Quinta, 11 de Abril de 2019 | 12 Visualizações

Fonte de imagem: Medical Xpress

Receber um diagnóstico de diabetes de tipo 2 antes dos 40 anos de idade faz aumentar o risco de doença e morte cardiovascular, especialmente em mulheres, demonstrou um novo estudo.
 
O estudo, que foi conduzido por uma equipa de investigadores liderada por Naveed Sattar da Universidade de Glasgow, Escócia, Reino Unido, contou com a análise de dados sobre 318.033 pacientes com diabetes de tipo 2 na Suécia. 
 
Os dados sobre os pacientes com diabetes de tipo 2 foram comparados aos de 1.575.108 controlos sem diabetes de tipo 2, relativamente à prevalência de doenças relacionadas com o coração, durante um período de cinco anos.
 
Foi verificado que os pacientes diagnosticados com diabetes de tipo 2 antes dos 40 anos de idade apresentavam os piores resultados em termos cardiovasculares, com o maior índice de acidente vascular cerebral (AVC), ataque cardíaco, insuficiência cardíaca, fibrilhação auricular e morte.
 
Na maioria das categorias de doenças e morte cardiovascular analisadas, as mulheres apresentavam piores resultados do que os homens.
 
Por outro lado, nos idosos os resultados foram menos preocupantes.

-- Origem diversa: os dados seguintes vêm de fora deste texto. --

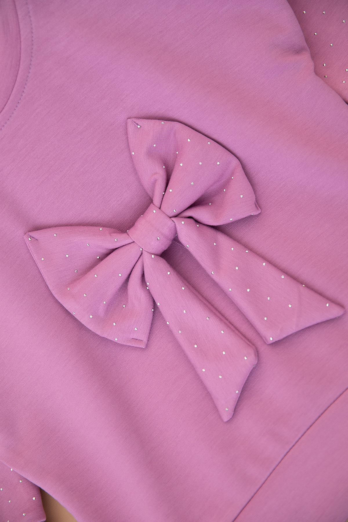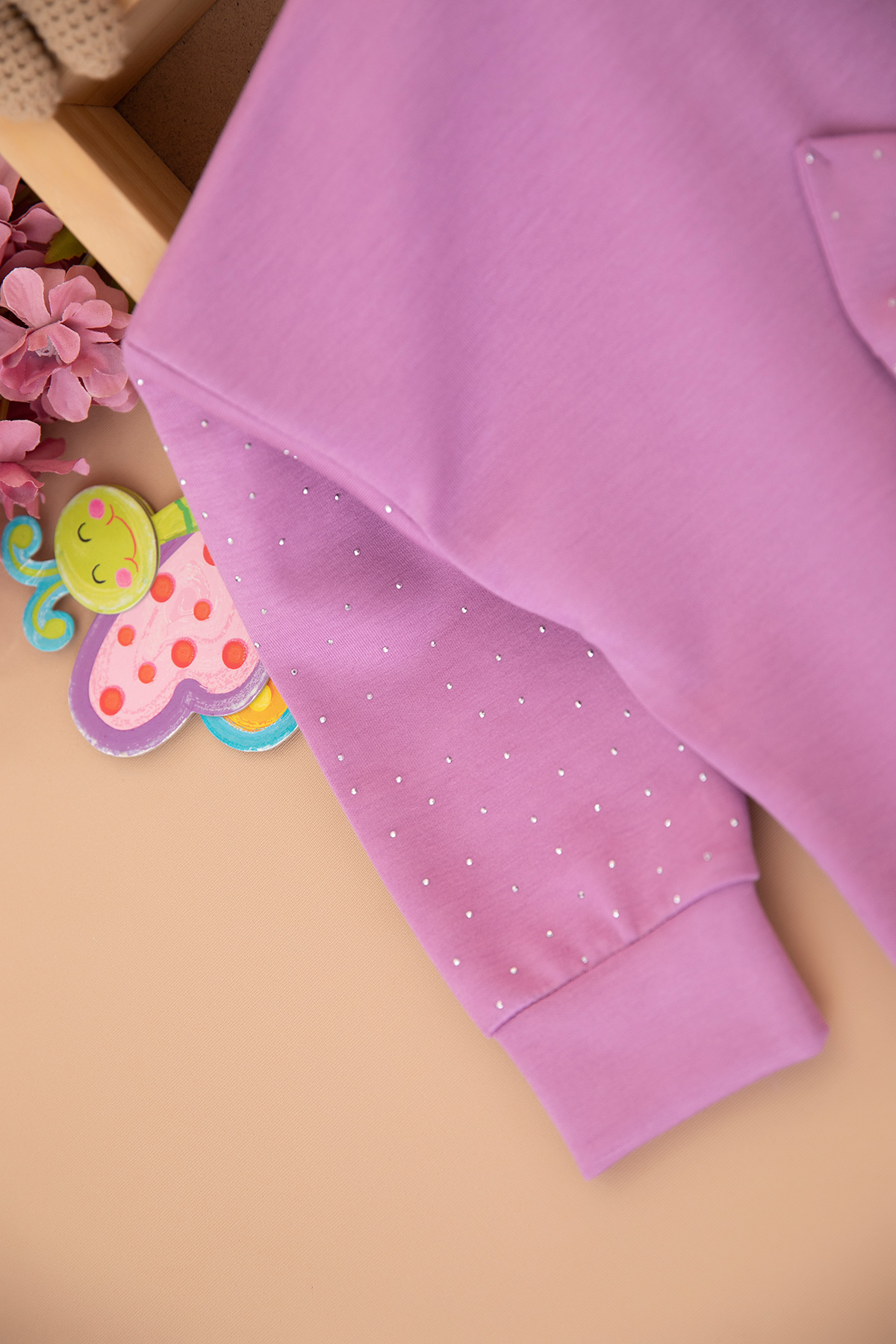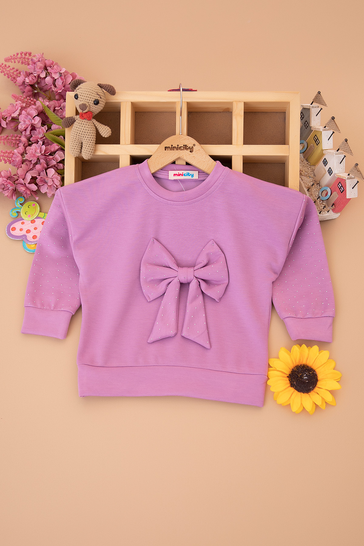 Kız Çocuk Fiyonklu Kolu Taşlı Sweat - 4136 (3-7 Yaş)
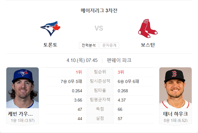 양 팀 모두 안정적인 선발을 내세우지만, 최근 흐름과 경기력 면에서 토론토가 앞서 있습니다. 가우스먼은 WHIP 0.71로 뛰어난 제구를 바탕으로 실점을 최소화하고 있으며, 보스턴의 타선이 전반적으로 침묵하고 있는 현 상황에서 우위를 점할 수 있습니다.
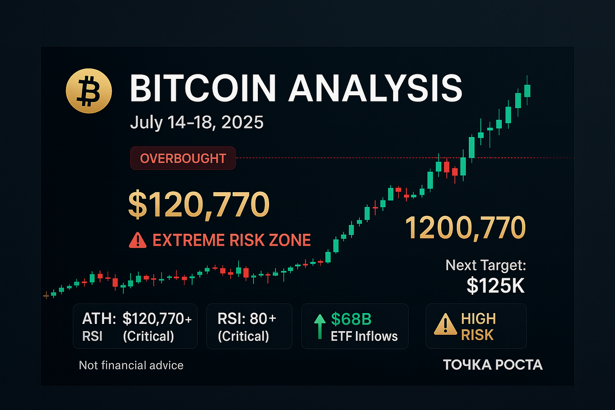 Bitcoin достигает исторических максимумов на фоне институционального спроса, но технические индикаторы сигнализируют о необходимости осторожности. Криптовалюта торгуется в диапазоне $117,800-$120,930, установив новый рекорд $120,930 на Coinbase 14 июля. Массивные притоки в ETF ($68 млрд в 2025 году) и создание Стратегического резерва биткоина США создают структурно бычий фундамент, однако перекупленность по RSI (73.4) и геополитические риски требуют тактической осторожности.
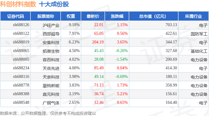 科创材料(000689)指数十大成份股详情如下:
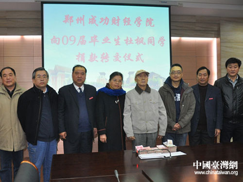 日前,郑州成功学院举行向身患白血病的2005届学子杜枫同学捐款转交仪式。图片来源:郑州市台办
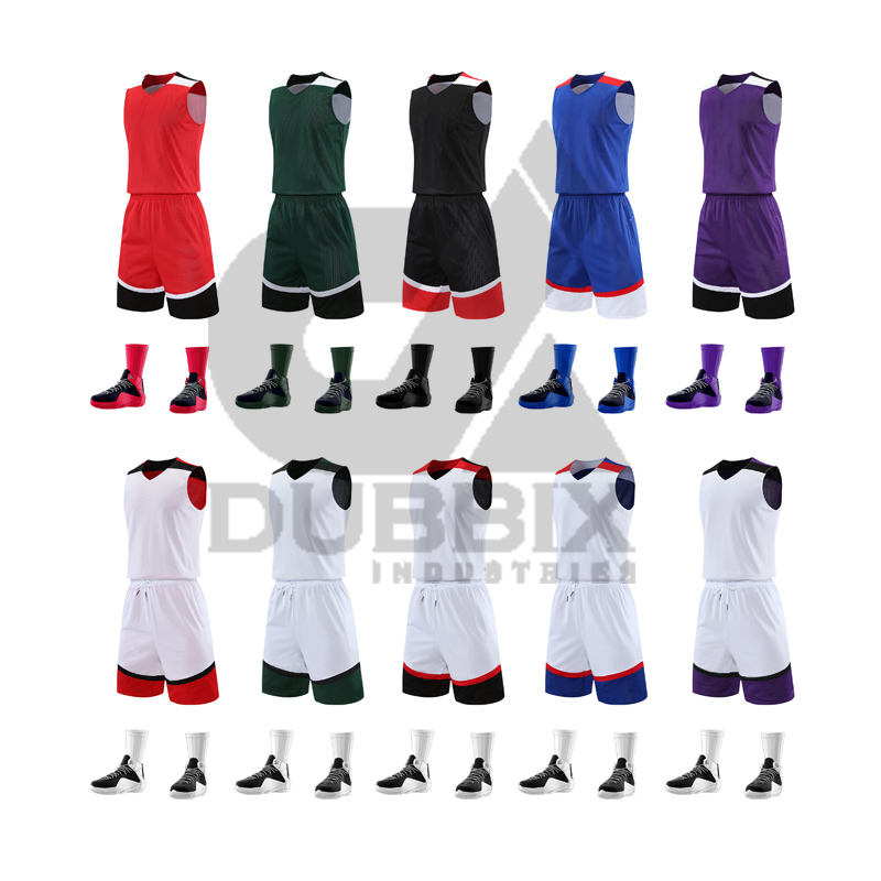 Maillot de basket-ball réversible pour homme 100% polyester personnalisable Ensemble d'uniformes d'entraînement respirant personnalisé pour l'été XS personnalisé
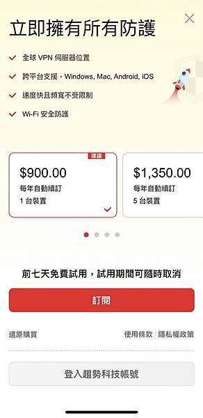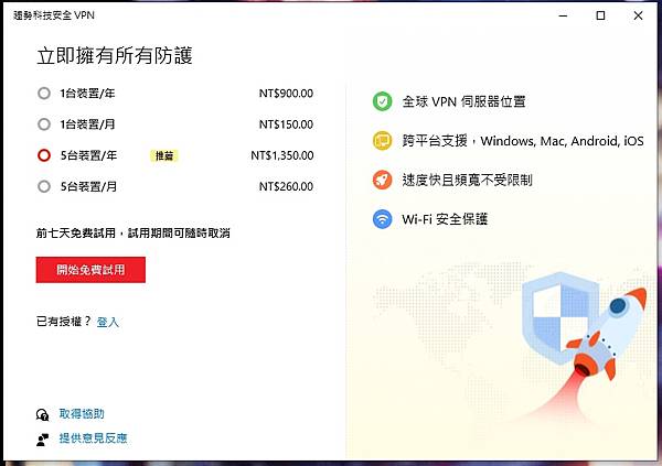 ▼ 趨勢科技安全 VPN 下載安裝後,看到可以免費試用七天,而且也看得到價位。(最划算的當然是 每年5台 1350元)

Com efeito, nas pessoas diagnosticadas com diabetes de tipo 2 aos 80 anos ou mais de idade, o aumento do risco de morte, independentemente da causa, era bastante menor e equivalia ao de pessoas com idade semelhante e sem diabetes.
 
Segundo Naveed Sattar, considerando que o excesso de risco da diabetes de tipo 2 está associado à idade em que a pessoa é diagnosticada, estes achados sugerem que “temos que ser mais agressivos a controlar fatores de risco nas populações mais jovens com diabetes de tipo 2 e especialmente nas mulheres”.
 
Adicionalmente, “o nosso trabalho poderia ser também usado para encorajar as pessoas de meia-idade com um maior risco de diabetes a adotarem alterações no estilo de vida para atrasarem a sua diabetes durante vários anos”, concluiu o investigador.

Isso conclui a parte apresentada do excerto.